Matching environmental information with OBIS occurrences
Learn how to extract and match environmental data, such as temperature and salinity, with species occurrences obtained from the OBIS database.
Obtaining environmental information for species occurrences
For many research questions, we are interested in the environmental conditions where a certain species, population, or community lives. OBIS already provides some environmental data along with the records. For example, if you download records for the species Actinia equina, you can obtain values for sea surface temperature (SST), salinity (SSS), and bathymetry:
library(robis)
occ <- occurrence("Actinia equina")
## Retrieved 5000 records of approximately 9583 (52%)Retrieved 9583 records of
## approximately 9583 (100%)
head(occ[,c("sst", "sss", "bathymetry")], 4)
## # A tibble: 4 × 3
## sst sss bathymetry
## <dbl> <dbl> <dbl>
## 1 10.6 35.2 -50
## 2 10.6 34.8 -49
## 3 NA NA -7
## 4 11.4 34.2 -4
However, there are many other variables of interest. Also, depending on your question, you may need another source of environmental information or a different resolution. Here we will explore how to extract environmental information for these occurrences. This tutorial will explore extracting data from Bio-ORACLE, which provides essential physical, chemical, biological, and topographic data layers with global extent and uniform resolution. You can use the same code to extract data from any other data source in raster format.

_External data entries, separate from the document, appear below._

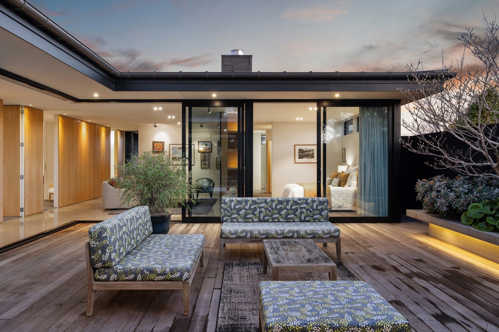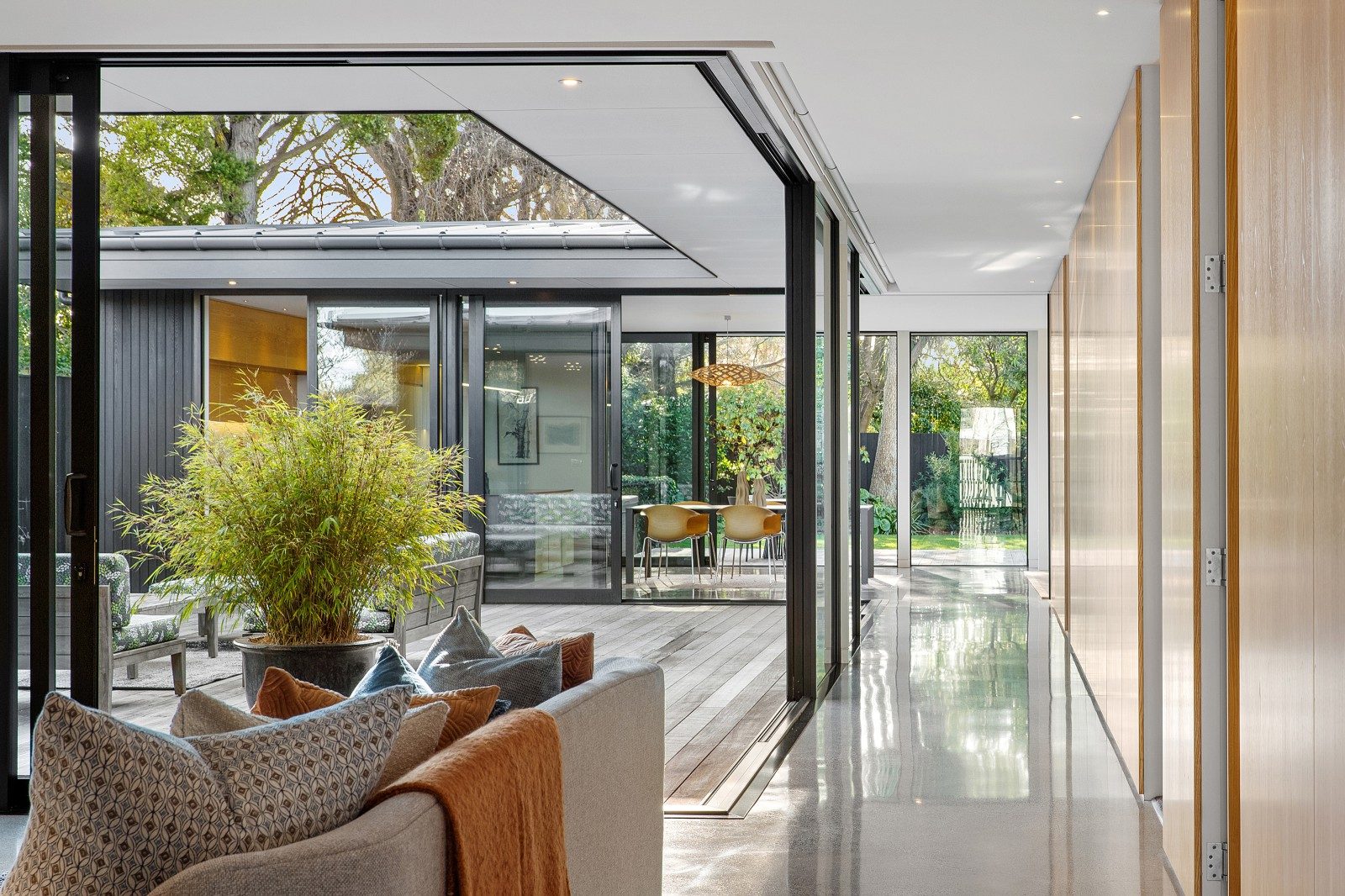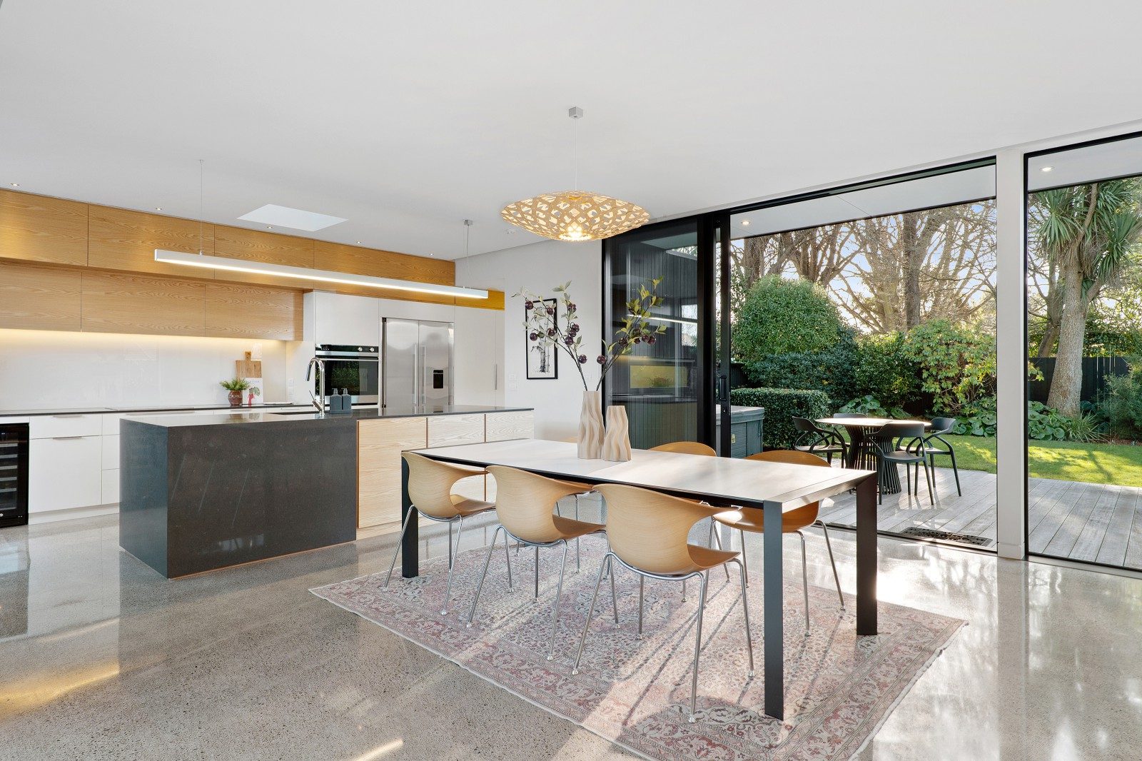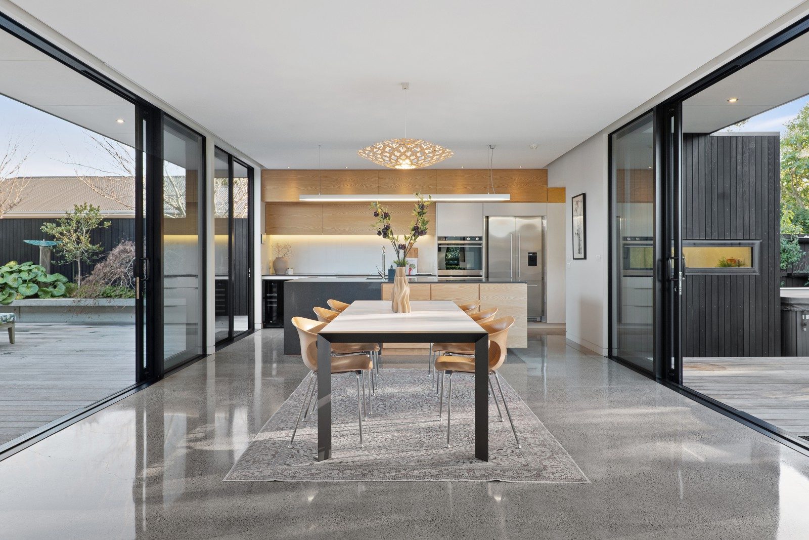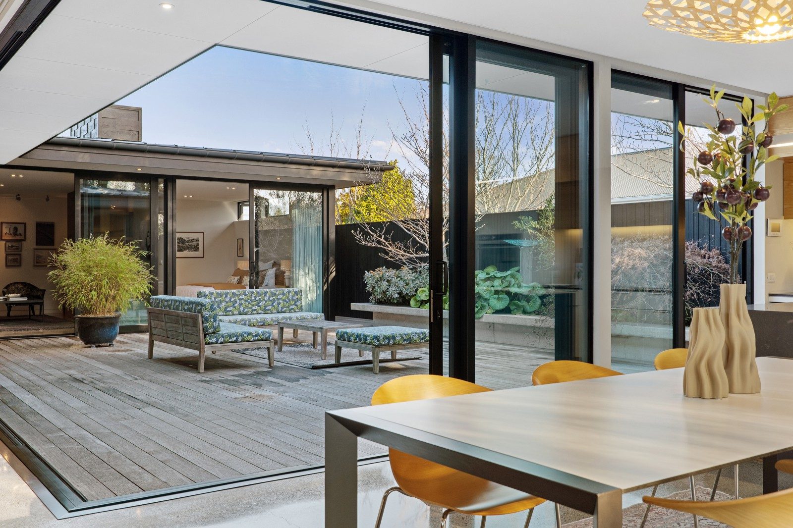 Full-height glazing delivers seamless access to a sequence of decks, each stepping into the landscaped garden and strategically aligned to track the sun throughout the day.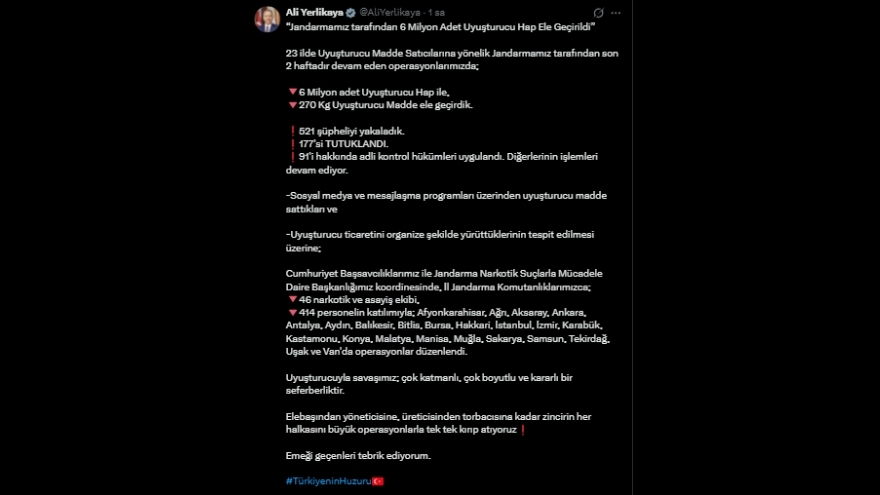 “Cumhuriyet Başsavcılıklarımız ile Jandarma Narkotik Suçlarla Mücadele Daire Başkanlığımız koordinesinde, İl Jandarma Komutanlıklarımızca; 46 narkotik ve asayiş ekibi, 414 personelin katılımıyla; Afyonkarahisar, Ağrı, Aksaray, Ankara, Antalya, Aydın, Balıkesir, Bitlis, Bursa, Hakkari, İstanbul, İzmir, Karabük, Kastamonu, Konya, Malatya, Manisa, Muğla, Sakarya, Samsun, Tekirdağ, Uşak ve Van'da operasyonlar düzenlendi. Uyuşturucuyla savaşımız; çok katmanlı, çok boyutlu ve kararlı bir seferberliktir. Elebaşından yöneticisine, üreticisinden torbacısına kadar zincirin her halkasını büyük operasyonlarla tek tek kırıp atıyoruz. Emeği geçenleri tebrik ediyorum.”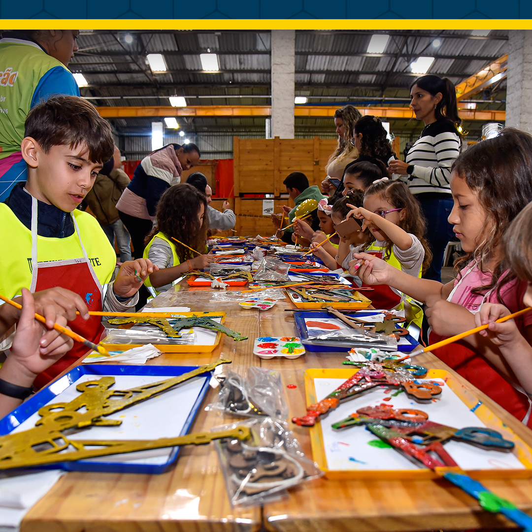 Para as crianças, o dia foi ainda mais especial e contou com com uma oficina criativa de construção e pintura de um guindaste, proporcionando momentos de diversão e aprendizado.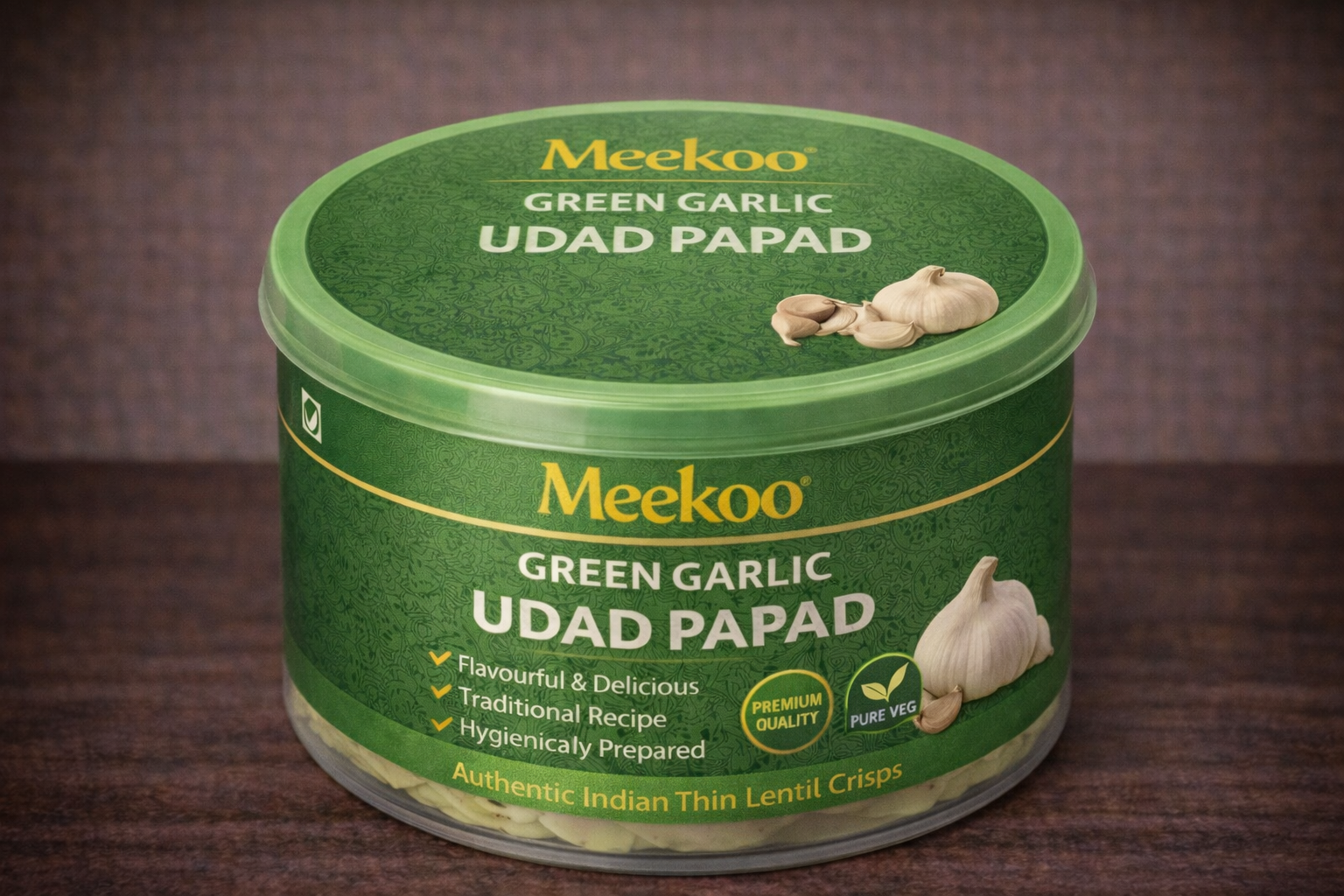 Meekoo Green Garlic Udad Papad, combines premium-quality udad dal with freshly sourced green garlic, offering both health benefits and delectable flavor. The papads are crafted using age-old recipes and carefully balanced spices to ensure every piece is light, flavorful, and free from artificial additives.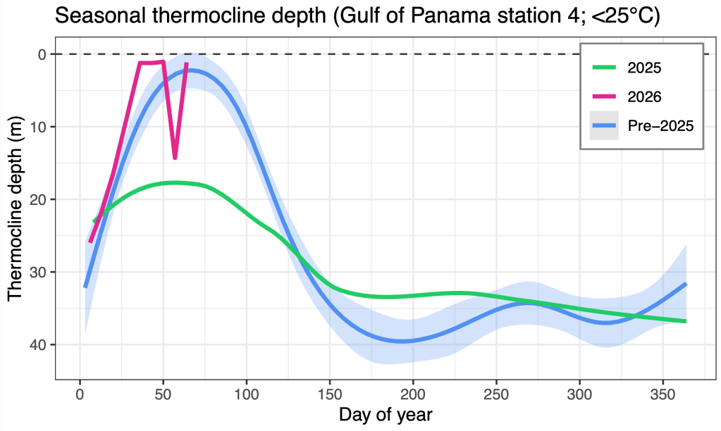 Update 18 feb, 2026: On the 12 feb, the thermocline was observed to at 1.24m water depth in the Gulf of Panama. This is almost identical to the week previous (1.22m).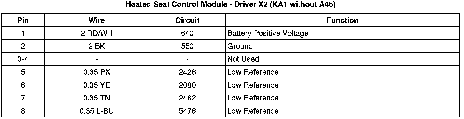 Heated Seat Control Module - Driver X2 (KA1 without A45)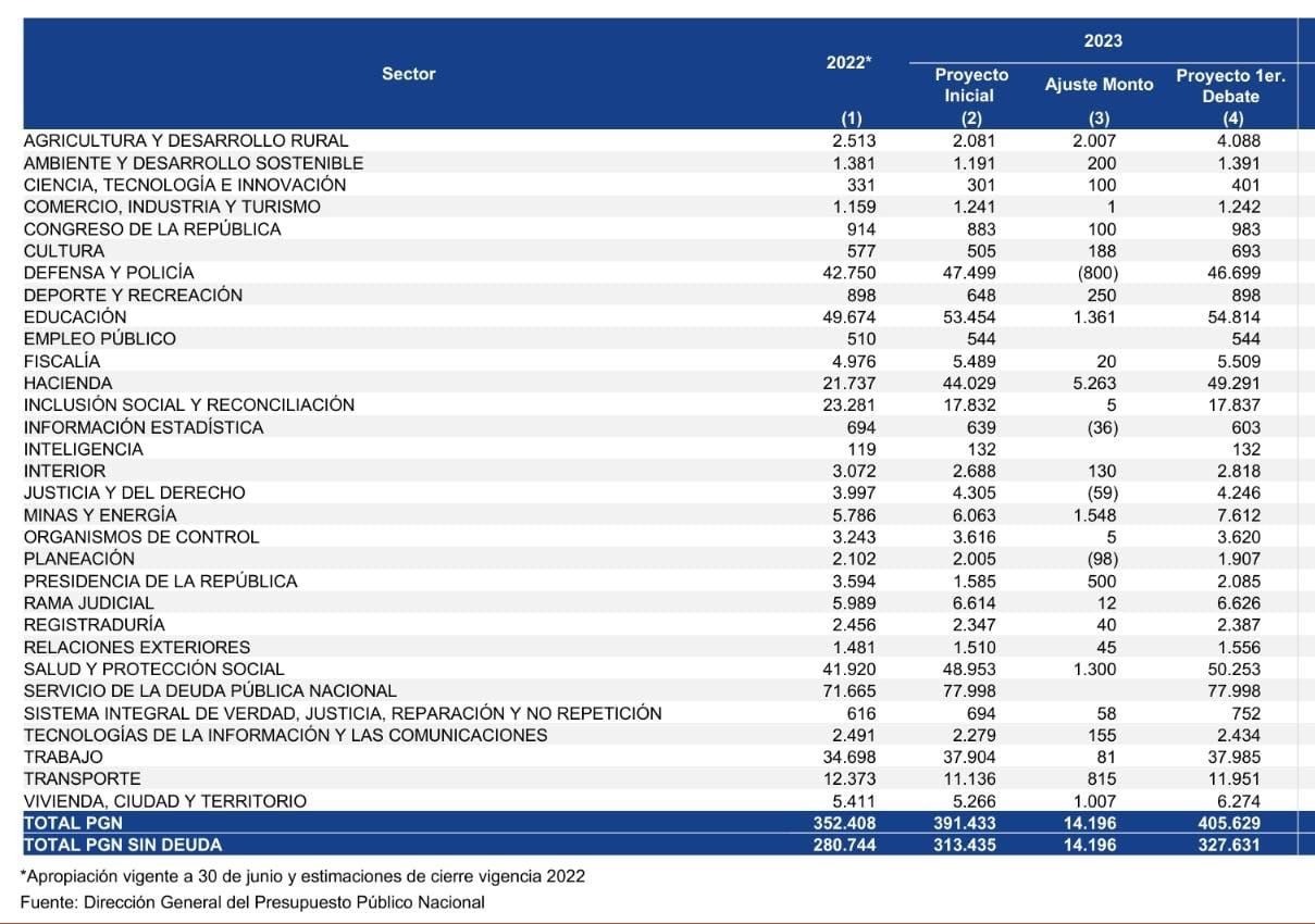 En comparación con la promovida en su momento por el gobierno Duque, la de Petro la supera en $14,19 billones. De esta adición, $10,2 billones se destinarán a programas sociales y subsidios, y $3,9 millones se han pensado para funcionamiento. Según las cuentas del Ministerio de Hacienda, de todo el monto estimado, $254,6 billones se destinarán a funcionamiento, $73 billones a inversión y $78 billones al servicio de la deuda.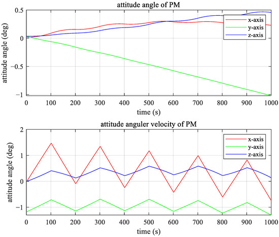 The PM adopts active control, with the orbit coordinate system as the reference coordinate system. The attitude kinematics model of the PM relative to the orbit system is:
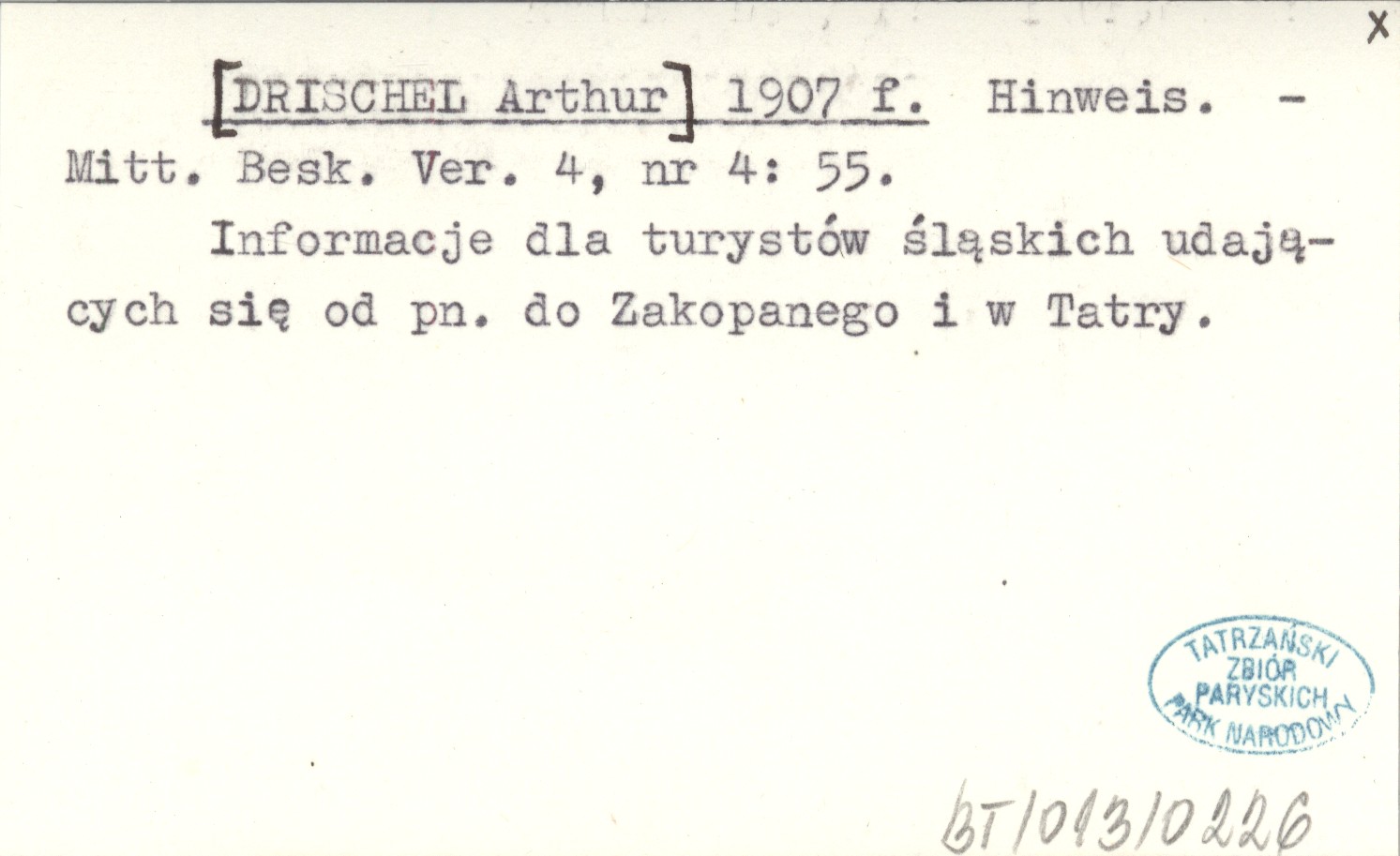 Mitt. Besk. Ver., 4, nr 4: 55. Informacje dla turystów śląskich udających się od pn. do Zakopanego i w Tatry.

Download data from Bio-ORACLE
The new version of Bio-ORACLE (v3) is hosted in an ERDDAP server, which
enable us to download only the data for the region and time period we
need. We can use the package biooracler
to download the
layers. First install the
package. We also load the terra
package, for spatial operations (see
explanation on the next section).
# install.packages("devtools")
devtools::install_github("bio-oracle/biooracler")
library(biooracler)
library(terra)
## terra 1.7.71
##
## Attaching package: 'terra'
## The following object is masked from 'package:robis':
##
## area
For our exercise we will obtain the data for species occurring in the Mediterranean sea. Thus, we can download the data for only this region. We download a shapefile of this area using the Marine Regions.
# Install the package
install.packages("mregions2", repos = "https://ropensci.r-universe.dev")
install.packages("wrapr")
library(mregions2)
## Warning: package 'mregions2' was built under R version 4.3.3
library(sf)
## Linking to GEOS 3.11.0, GDAL 3.5.3, PROJ 9.1.0; sf_use_s2() is TRUE
med <- gaz_search(1905) %>%
gaz_geometry()
plot(med, max.plot = 1, col = "grey90")
From the shapefile, we can see which are the limits (longitude and latitude) for this area:
limits <- st_bbox(med)
limits
## xmin ymin xmax ymax
## -6.032549 30.068087 36.215729 45.808914
With this information we can then download the data. We will obtain 4
parameters: SST, salinity, bathymetry and oxygen. You can see the
dataset IDs using the function list_layers
head(list_layers()[,1:2])
## Registered S3 method overwritten by 'hoardr':
## method from
## print.cache_info httr
## # A tibble: 6 × 2
## dataset_id title
## <chr> <chr>
## 1 tas_baseline_2000_2020_depthsurf Bio-Oracle AirTemperature [depthSurf] Baseli…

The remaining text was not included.